**WHAT IS EXPECTED**.
What you write must match, character for character, the lines from the one with "香港文匯報訊(實習記者 徐梓" down to the one with "Nassentladung der angelieferten Zuckerrüben." in the listing below, minus its pictures.

**THE DATA**.

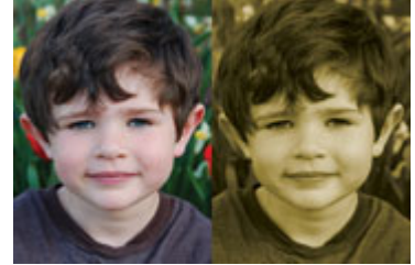
Arriba: Su visión puede opacarse o tornarse amarillenta cuando hay cataratas.

La mayoría de cataratas relacionadas con la progresión de la edad, se desarrollan gradualmente. Como resultado, es posible que no se perciban de inmediato los cambios en la visión o las señales de cataratas en su estado temprano de desarrollo.
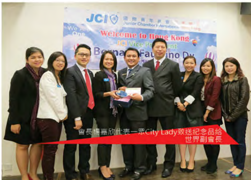
會長標嘉欣代表一眾City Lady致送紀念品給世界副會長

I would like to send my sincerest appreciation to JCI HK members for doing an awesome job in HK. Please continue to implement outstanding projects in your communities. We should also try to get more members to share their talents and time to help create positive change in our communities. You can start with your friends and family. I encourage you to attend JCI International Events to get a better understanding and appreciation of JCI as a global family. I hope to see you in Aspac Gwangju, Korea or The Global Partnership Summit at the United Nations in New York and certainly the World Congress in Rio de Janeiro, Brazil in November. See you all soon and let us all Dare to Act!
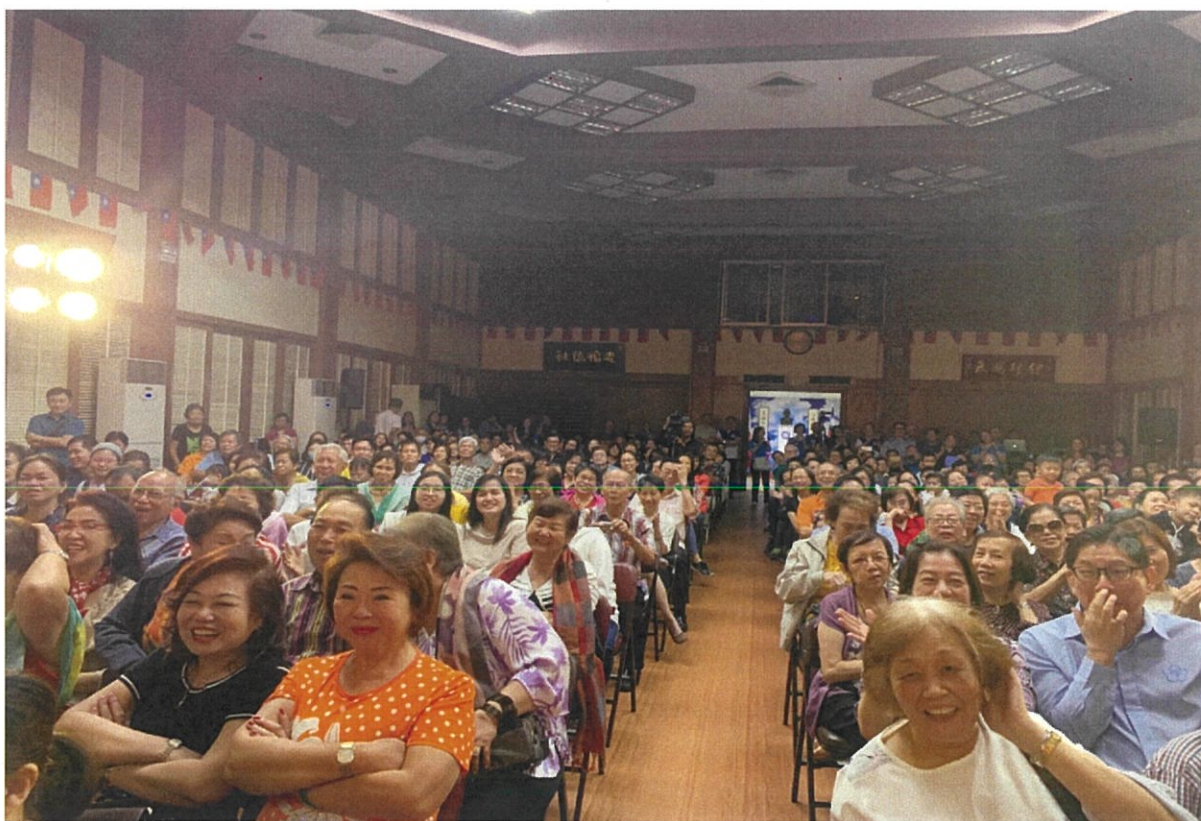
圖 2：菲律賓馬尼拉場次全場 800 位觀眾座無虛席，氣氛歡樂。
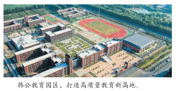
韩公教育园区,打造高质量教育新高地。
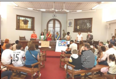
une assemblée variée et très attentive
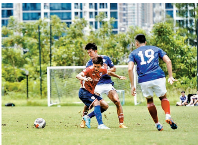
香港U23(紅衫)在季前熱身賽，以0：5不敵東方。

香港文匯報訊(實習記者 徐梓鋒)東方足球隊昨日與香港U23在將軍澳訓練中心進行了一場季前熱身賽，U23面對傳統勁旅東方顯得力不從心，被東方以5：0輕鬆取勝，其中東方3名新兵均有上陣。U23教練司徒文俊雖然對此賽果感到不滿，認為球隊表現不佳，但仍表示理解球會現在的困境。
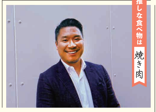
推しな食べ物 は 焼き肉

この『アサキ』は、職員たちがチャレンジできるメディアになってほしいですね。こんなひとに会いたいとかやってみたいという、アイデアを出して実行できるような。そのためにも、法人内の改革に取り組んでいます。みんなが楽しく、安心して過ごせる法人をつくるので、もうすこしおつきあいをお願いします。
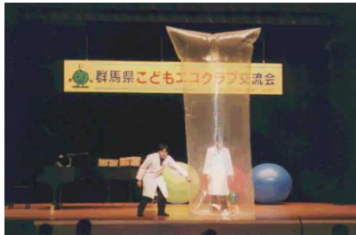
おもしろサイエンスショー
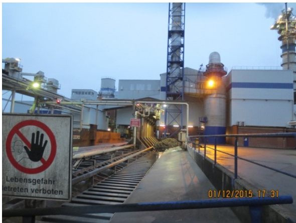
Nassentladung der angelieferten Zuckerrüben.
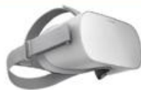
ОЧКИ ВИРТУАЛЬНОЙ РЕАЛЬНОСТИ

**OUTPUT OF THE EXERCISE**.
香港文匯報訊(實習記者 徐梓鋒)東方足球隊昨日與香港U23在將軍澳訓練中心進行了一場季前熱身賽，U23面對傳統勁旅東方顯得力不從心，被東方以5：0輕鬆取勝，其中東方3名新兵均有上陣。U23教練司徒文俊雖然對此賽果感到不滿，認為球隊表現不佳，但仍表示理解球會現在的困境。
推しな食べ物 は 焼き肉

この『アサキ』は、職員たちがチャレンジできるメディアになってほしいですね。こんなひとに会いたいとかやってみたいという、アイデアを出して実行できるような。そのためにも、法人内の改革に取り組んでいます。みんなが楽しく、安心して過ごせる法人をつくるので、もうすこしおつきあいをお願いします。
おもしろサイエンスショー
Nassentladung der angelieferten Zuckerrüben.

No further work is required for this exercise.